Last night I played in my first ever kayak water polo tournament and MY TEAM WON THE TOURNAMENT!!! Incredible. Our brilliant lack of strategy, as I ever so humbly refer to it, paid off: if you have no strategy, they can’t fight it!
We were playing to raise money for the Bridge of Hope, a beautifully remodeled house in a pleasant neighborhood in North Platte. According to their website,
“The Bridge of Hope Child Advocacy Center opened in February 2007 to enhance the coordination between community professionals involved in child abuse investigations, promote more informed case management decisions and most importantly minimize the trauma children can suffer following disclosure and the subsequent investigation and intervention process. At the Child Advocacy Center, the child is exposed to one forensic interviewer. The interview and medical exam are conducted in our child friendly facility, as opposed to being interviewed by several strangers, a number of times, in a number of very intimidating locations.”
Last year the Center helped about 270 children, 55% girls and 45% boys. Nationally, the statistics are appalling--check out this link for an eye-opener http://www.childhelp.org/pages/statistics. The bottom line is that in the U.S. there are now about 3 millions kids reported as being abused or neglected every year and 5 kids dying every day due to neglect or abuse. Worse, the number has been steadily rising.
The whole thing makes me furious. I work at a homeless shelter and it never ceases to trouble me how many of our homeless clients started life as abused children. The scars may be internal, but they are permanent and they are crippling. If they had been badly burned as children, we would see disfigured faces and bodies and our hearts would be wrenched. But when the scars are on the soul, the marks are not so obvious.
Supporting the Bridge of Hope is therefore a privilege, and kayak water polo is a brilliant way to do it. One might hope that someday former clients of theirs will be free to enjoy the exuberant exercise and camaraderie it offers. In the meantime…
Four teams showed up to play at five per team. While that wasn’t as many as the organizers had hoped, it was a nice start for a first year event. We were a hodge-podge of professions, ages, experience, ability and fitness levels, from the ripped police officers right on down to me. No one, the whole evening, referred to me as ‘ripped,’ although they could have referred to my other bathing suit that way once or twice. It got ripped when a dog bit the back of my thigh while I was jogging a few weeks ago.
Our first game was an eye-opener. My team was one Egyptian, two old duffers with something to prove, a lanky teenager and a woman with four boys. You can probably guess which one I was, and yes, the lanky teenager and the woman were our best hopes.
We were impressive right out of the chute with two breathtaking goals in a row, and not so impressive thereafter. Sticking to a strategy that we were sure would work someday, we were rather quickly put into our places and lost the match by several points. Thinking back on it, having played the tapes in my head over and over, I don’t think we had the best strategy.
Well, that got people started calling us the losers, which rankled. We discussed a different strategy that held some promise, if only in comparison to the one that didn’t. And we watched from the sidelines as the winners, so to speak, had fun.

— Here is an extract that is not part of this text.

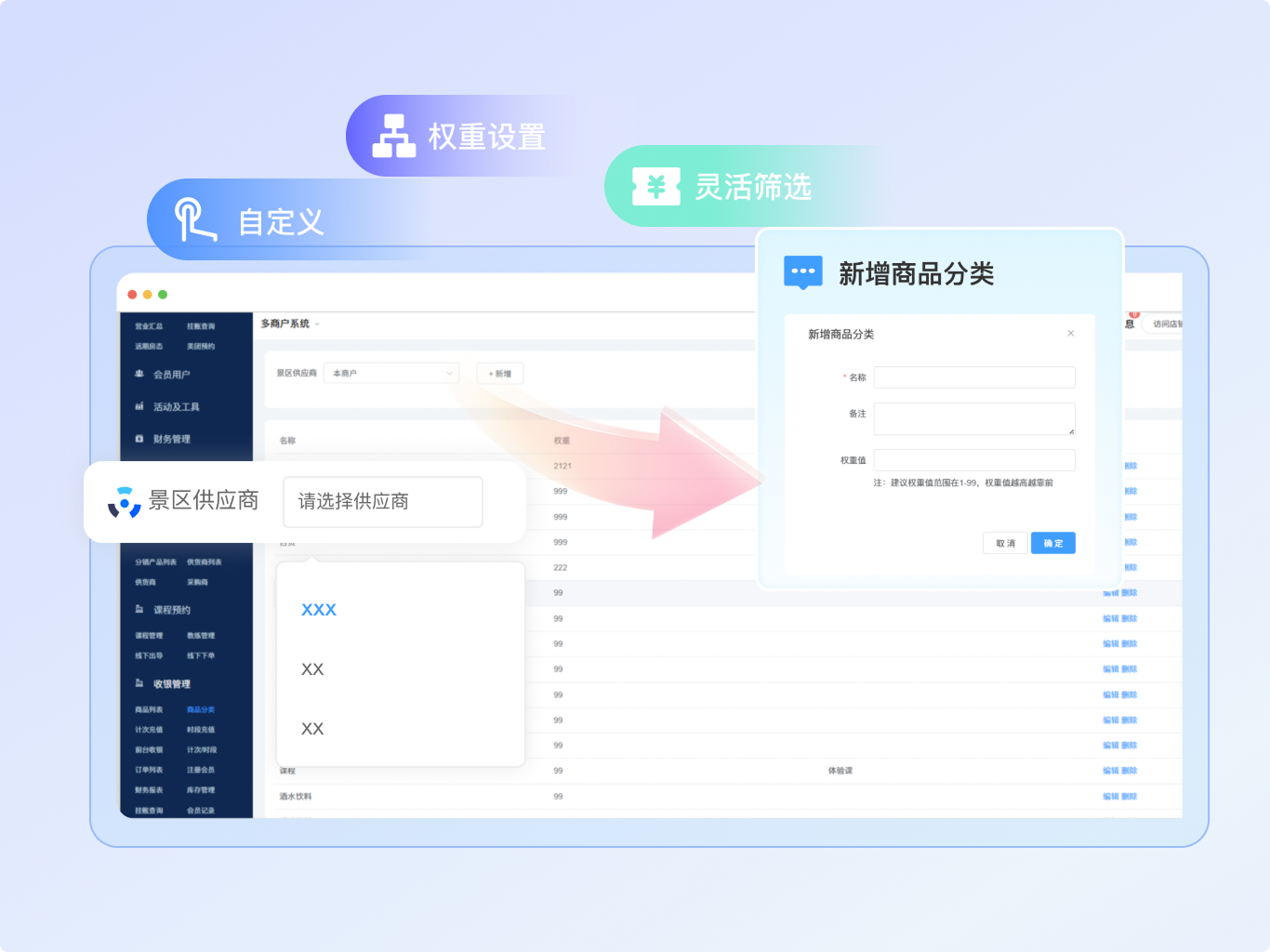 可灵活设置分类、售价、分账规则及会员卡关联,销售后系统自动结算,简化对账

So then the losers played each other, which sounds pathetic, and when we won we couldn’t exactly even get all uppity about it because after all we had only beat losers. But we did play better, I thought, even thought we didn’t exactly have to, if you know what I mean. Our Egyptian was getting leg cramps and had to be subbed out, but our old duffers and our lanky teenager and our woman were acting like we were on the same team, which is something you can’t just take for granted.

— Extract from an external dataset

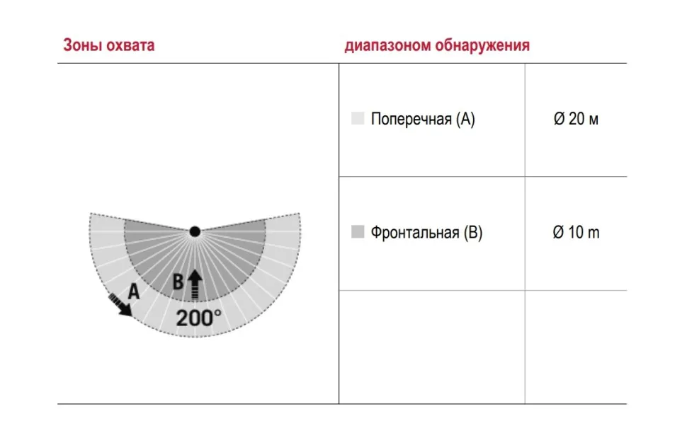 Угол обнаружения 200° (2 х 100°, регулируются отдельно)

It was a bit different playing with guys who were ripped. The good news is that all of those muscles weigh you down, it turns out, and the more you weigh, the slower your boat goes, all else being equal—another great argument for not exercising. The bad news is that when they decide to tackle you, they make pretty short work of it, and when they fire on the goal, there’s a lot of speed on the ball. Back to the good news, fortunately they didn’t get the ball that often.
Our win of course meant that now we had to go right back in and finish the tournament by playing the team that had defeated us at the start. We started off by telling them that we didn’t need to rest because it was “just them.” We hoped to defeat them psychologically before we ever sprinted for the ball. They didn’t look defeated or dejected, but you can never tell about psychological warfare.
I wish I could describe it as it happened. Play by play. We clicked. We even clacked. They led by one at halftime, but we could see victory coming. They had a nurse anesthetist and an anesthesiologist on their team, but nothing they tried could put us to sleep. Jenn was hot, Sherif was uncramped, Alex’s long arm was merciless and the two old duffers, Charles and me, reclaimed our long lost youth. When the whistle blew, we were up by one point and glad the whistle blew.
It was incredible. I have now won every kayak water polo tournament I have ever played in, and I intend to keep it that way.